Binu et al. analysed PBC progression in a cohort of subjects with compensated PBC cirrhosis at higher risk for clinical events, obtaining contrasting results with respect to those reported by the study of Trivedi et al. that showed a protective role of UDCA response towards HCC development, particularly greater in non-cirrhotic patients than cirrhotic ones [106]. This discrepancy has been explained by the authors by a reduction of the benefit of UDCA response due to a male-predominant cohort having an elevated risk of HCC at baseline. Likewise, in another study of cirrhotic PBC patients, the pooled incidence of HCC in patients receiving UDCA treatment was similar to those without therapy [84].
Therefore, it remains to be completely understood to what extent UDCA treatment lowers the risk of HCC development in PBC patients; thus, further investigations are advised. These observations also deserve another consideration, that is, the feasibility of the cost-effective benefit of performing an HCC screening in patients with PBC at the cirrhotic stage, mainly in male non-responders to UDCA.

3.1.4. Alcohol Intake

It is well known that alcohol is a potent factor for carcinogenesis [107]. A specific association exists between alcohol and tumours of the digestive tract, including the liver. Ethanol per se is not mutagenic, but acetaldehyde, which is a product of its metabolism, is carcinogenic and mutagenic by binding to DNA and proteins [108]. A genetic predisposition in terms of ALDH-2 variants may amplify the susceptibility to carcinogenesis; indeed, East Asian populations, which have the highest prevalence of the ALDH-2 variant, show an association with upper aero-digestive tumours [109]. However, activation of the immune system has a pivotal role in keeping cancer under control and can facilitate cancer progression. Alcohol can modulate the immune response in terms of immune suppression and activation of mechanisms of growth of cancer and progression [110].
A study by Zhang and collaborators analysed HCC incidence and characteristics in a cohort of PBC-associated HCC patients (PBC patients with HCC and 77 matched controls without HCC recruited at Beijing 302 Hospital during the period January 2002–December 2013) [81]. Among other risk factors, they also assessed the history of alcohol intake (considered to be alcohol consumption at least once per week for at least 1 year without alcoholic hepatitis diagnosis), observing that it is independently associated with HCC development in Chinese patients with PBC. At variance, in the study of Cavazza et al. on two European cohorts of PBC patients, no significant association between alcohol (defined as alcohol consumption >40 g/day) and HCC was found in PBC patients [69].

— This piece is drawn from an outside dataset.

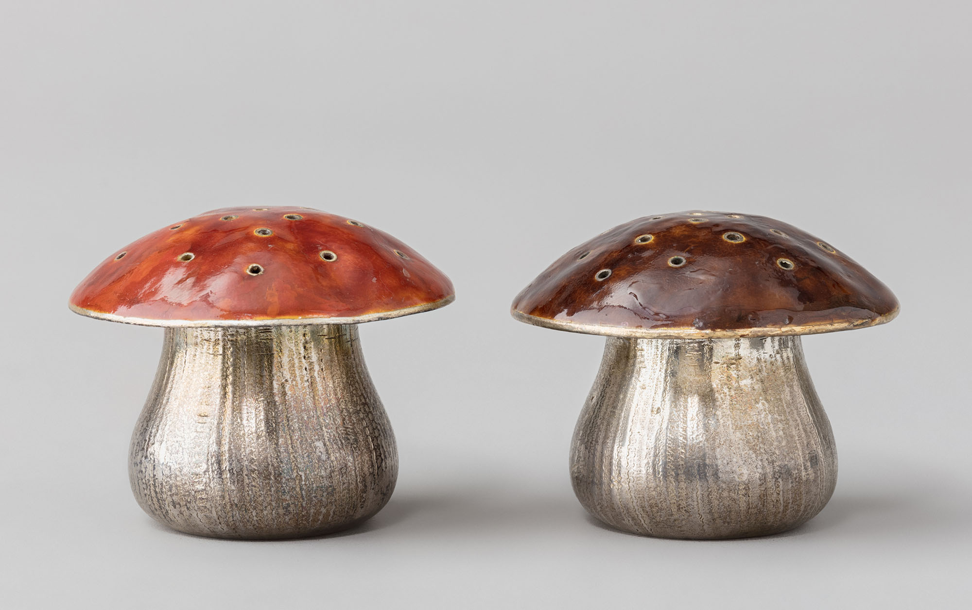 Набор для специй, состоящий из солонки и перечницы, сделан в виде приземистых боровиков со съёмными, покрытыми красной и коричневой эмалью, шляпками-крышечками. Виртуозно владея техниками эмалирования и гравировки, мастер сумел передать форму, окраску и текстуру этих грибов с их характерными прожилками на ножках и бархатистыми, чуть маслянистыми шляпками.

3.1.5. Metabolic and Age-Related Risk Factors

Notably, the study by Zhang et al. in China found that BMI ≥ 25 Kg/m2 was significantly associated with HCC in PBC [81]. This finding confirmed the study of Hindi et al. on 49 well-characterised AMA-positive PBC patients that observed that MASH and BMI ≥ 25 were associated with severe biliary duct damage and fibrosis [111].
Another study analysing patients with type 2 diabetes mellitus (T2DM) and HCC from different aetiologies who registered for liver transplantation observed that T2DM is a risk factor for HCC development. Intriguingly, T2DM does not represent an additional risk factor for PBC patients [112].
A study assessing throughout 20 years the incidence, risk factors, and clinical features of HCC in a cohort of 1865 well-defined Chinese PBC patients observed that age >54 years and co-existence of T2DM were independently associated with HCC development [80].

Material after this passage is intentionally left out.